Fish, forests, birds and wildflowers affected by a wide range of impacts – human and natural – from global warming
By Tim Radford
Lumberjacks are selecting different trees, US fishermen are sailing further north to catch black sea bass, desert birds are nesting later in California and Arizona, and one kind of wildflower is changing shape in the Rocky Mountains − and all in response to climate change, according to new research.
None of these responses is simple, or necessarily ominous, and global warming is not the only factor at work. But all are nevertheless examples of adaptation to − so far – very modest changes in temperature.
Adena Rissman and Chad Rittenhouse, of the University of Wisconsin-Madison, report in the Journal of Environmental Management that they looked at weather records and logging data and found that, since 1948, the winter interval during which ground is firmly frozen has declined by an average of two to three weeks.
Hard winters are the logger’s friend as the ground can support heavy machinery, whereas muddy soils can make tracks impassable.
So, over the decades, foresters have harvested more and more red pine and jack pine − species that flourish in sandy, well-drained soil more accessible to trucks, tractors and chainsaws.
Significant decline
“We wanted to know how weather affects our ability to support sustainable working forests,” says Dr Rissman, assistant professor of human dimensions of ecosystem management.
“We found a significant decline in the duration of frozen ground over the past 65 years and, at the same time, a significant shift in the species being harvested.”
Such changes in selection tend to affect ecosystems – on land or at sea.
Scientists at the Northeast Fisheries Science Centre in the US report in the ICES Journal of Marine Science that they looked at trawl survey data collected between 1972 and 2008 to analyse variations in abundance of black sea bass, scup, and summer and winter flounder.
All had shown “significant poleward shifts” in at least one season.
The bass and scup were responding to changes in temperature. The summer flounder were more likely to be responding to a decrease in fishing pressure − that is, the species could recolonise former habitat.
There was no change in the distribution in the southern New England/Mid Atlantic Bight stock of winter flounder.
“Using these data, we demonstrated how a combination of fishing and climate can influence the distribution of marine fish,” said lead author Richard Bell, research associate at the US National Oceanic and Atmospheric Administration fisheries service laboratory at Narrangansett. “It is not one or the other.”
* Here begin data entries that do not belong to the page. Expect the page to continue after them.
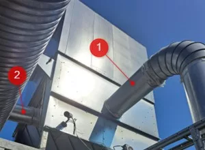 Kuvan suodattimen suodatuspinta-ala on 108m2 ja maksimi-ilmamäärä suodattimelle on 12000–13000 m3/h (valmistajan ilmoittama). Alun perin kuvan suodattimeen on ohjattu ilmaa n. 11300m3/h (kuvassa kohta 1.). Tuotannossa tapahtuneiden muutosten jälkeen suodattimeen on lisätty (kuvassa kohta 2.) ohjattavan ilman määrää n. 6300m3/h. Lisäyksen jälkeen ilmamäärä, joka suodattimelle ohjataan, on 17600m3/h, ja näin ollen suodatin on ylikuormitettu ilmaylimäärällä.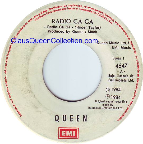 – 1984 – Radio Ga Ga / I Go Crazy – (Guatemala EMI 4647 – no p/s) LABEL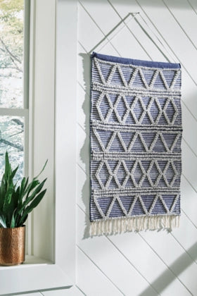 With boho-chic design in mind, this woven wall hanging adds eye-catching texture to your living space. Its diamond design, decorative fringe trim and shades of blue and gray will add interest to your wallscape, inside or out.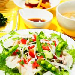 ランキングに参加してます。応援お願いします♪ 日中は汗ばむ陽気になった今日は豚しゃぶサラダを食卓に。 豚しゃぶにトマトときゅうり、フリルレタス、新玉ねぎ、スナップえんどう、スプラウトを彩りよく♪ ごま油を加えた中華風のドレッシングにはしょうがも入れて、冷え過ぎ防止^^ さつまいもとにんじんのはちみ… うちごはんはマーシャもい… 2022/05/19 23:43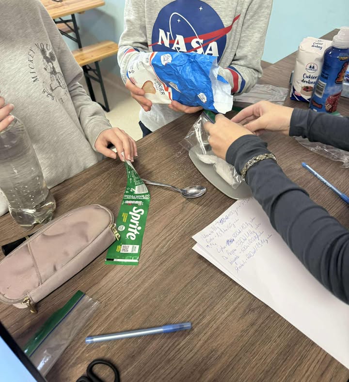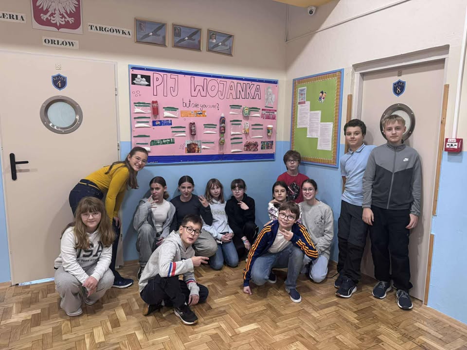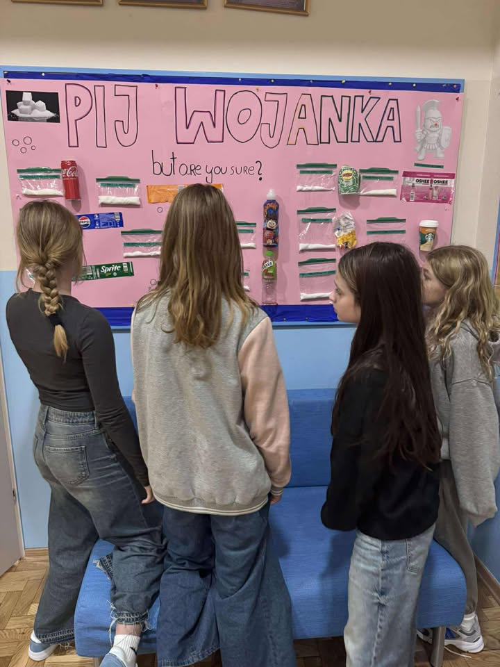 „Pij Wojanka – but are you sure?” - Think before you drink! Uczniowie klasy 6 na lekcji języka angielskiego omawiając rozdział o zdrowych nawykach, postanowili sprawdzić, ile cukru naprawdę pijemy każdego dnia. Szóstoklasiści przygotowali plakat, który pokazuje, ile łyżeczek cukru kryje się w popularnych napojach. Szóstoklasiści odmierzyli i zapakowali odpowiednią ilość cukru do małych torebek, aby każdy mógł na własne oczy zobaczyć, co naprawdę znajduje się w jego ulubionym napoju. Od dziś uczniowie klasy 6 wiedzą, że to, co pijemy, naprawdę ma znaczenie!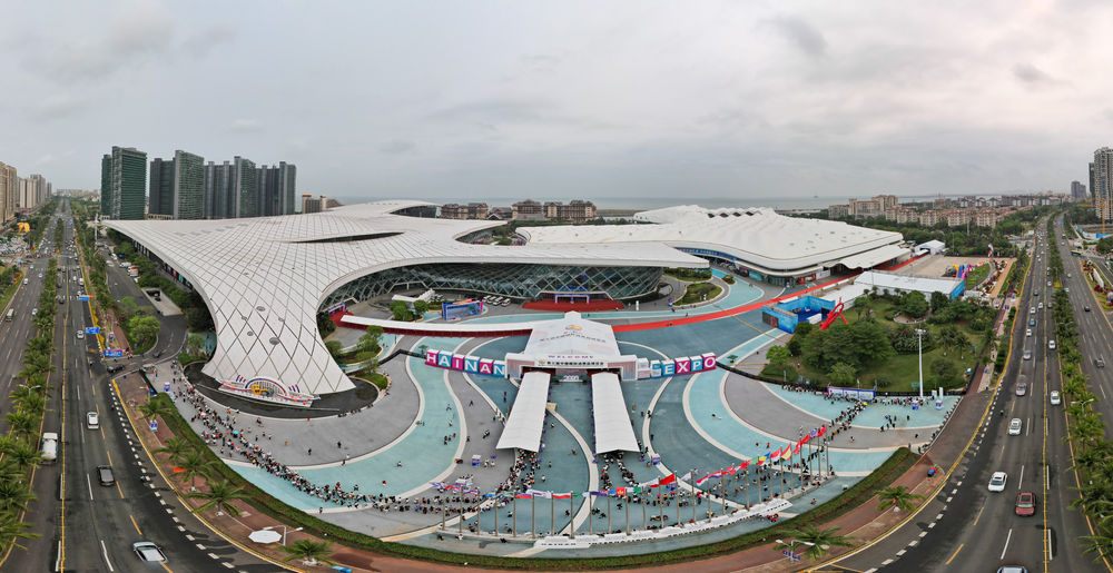 4月14日,观众有序排队进场(无人机照片)。当日,第三届中国国际消费品博览会迎来社会公众开放日,吸引观众前来观看展览、选购商品。新华社记者 杨冠宇 摄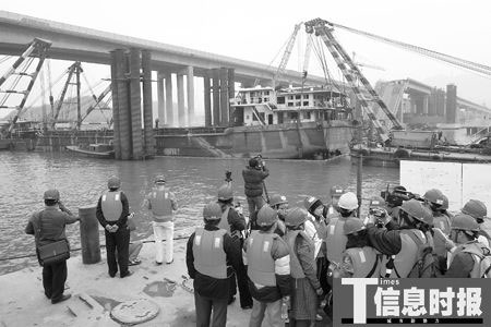 據(jù)悉,橋體拆除工作的第一階段工作包括穩(wěn)定墩、支架墩、牽制墩、臨時墩及牽引穩(wěn)定體系等。記者昨天現(xiàn)場看到,第一階段穩(wěn)定墩、支架墩的全部施工工作已完成,主牽引墩、1#、2#、3#牽制墩,1#、2#、3#臨時墩的承臺也全部完成,1#、2#、3#臨時墩鋼橫梁也均已至位,即將安裝到位。切割船體移開后,坍塌斜梁將會通過牽引系牽制穩(wěn)定,分塊切除清理,“除了斜梁段將會被切斷拆除外,緊接斜梁的橋身也要被切除一部分,長度大約為88米,這項工作我們力爭用兩個月時間清理完善!

Meanwhile, in the arid American southwest’s Sonora Desert, all 13 desert bird species have tended to delay nesting by two weeks or more, as a response to severe drought.
Delays in nesting
This makes survival a problem for the birds as their young are more vulnerable to nest predators and parasites. Some species forego breeding entirely during an extreme drought. Even without global warming, droughts are an enduring fact of life in the region.
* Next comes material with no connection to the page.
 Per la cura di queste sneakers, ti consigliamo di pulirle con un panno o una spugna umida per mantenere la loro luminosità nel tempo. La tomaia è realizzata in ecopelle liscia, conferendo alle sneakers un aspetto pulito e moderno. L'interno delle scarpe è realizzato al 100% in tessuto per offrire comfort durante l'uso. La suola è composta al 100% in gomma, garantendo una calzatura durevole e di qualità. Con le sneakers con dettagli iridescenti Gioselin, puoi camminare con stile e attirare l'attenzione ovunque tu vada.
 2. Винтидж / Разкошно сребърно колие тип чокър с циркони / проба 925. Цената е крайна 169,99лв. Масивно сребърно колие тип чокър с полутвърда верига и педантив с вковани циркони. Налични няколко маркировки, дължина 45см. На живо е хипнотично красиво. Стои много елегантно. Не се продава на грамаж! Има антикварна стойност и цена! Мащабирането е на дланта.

But ecologists point out that climate models predict a greater frequency of droughts, which could lead to even more delays in nesting.
“These responses are predicted to become more frequent and extreme, due to climate change, causing us to question how desert birds will persist in the long term,” Chris McCreedy, a desert ecologist at Point Blue Conservation Science, reports in The Auk, the American Ornithologists’ Union journal.
At least one species has responded to climate change by altering not just its life cycle but its shape.
Students at Dartmouth College in New Hampshire and the University of South Carolina report in Global Change Biology that the Rocky Mountain mustard plant (Boechera stricta) offers an example of what biologists call “phenotypic plasticity”.
This means that it doesn’t evolve to meet climate change − it just looks different under different conditions. It changes according to whether the conditions are hot and dry, or cold and wet. In experiments that simulated future climate change, it also flowered seven days earlier.
This little ready-for-anything brassica plant seemed able to respond differently according to whether or not there was snow around it. Or, as the researchers put it: “Extensive plasticity could buffer against immediate fitness declines due to changing climates.”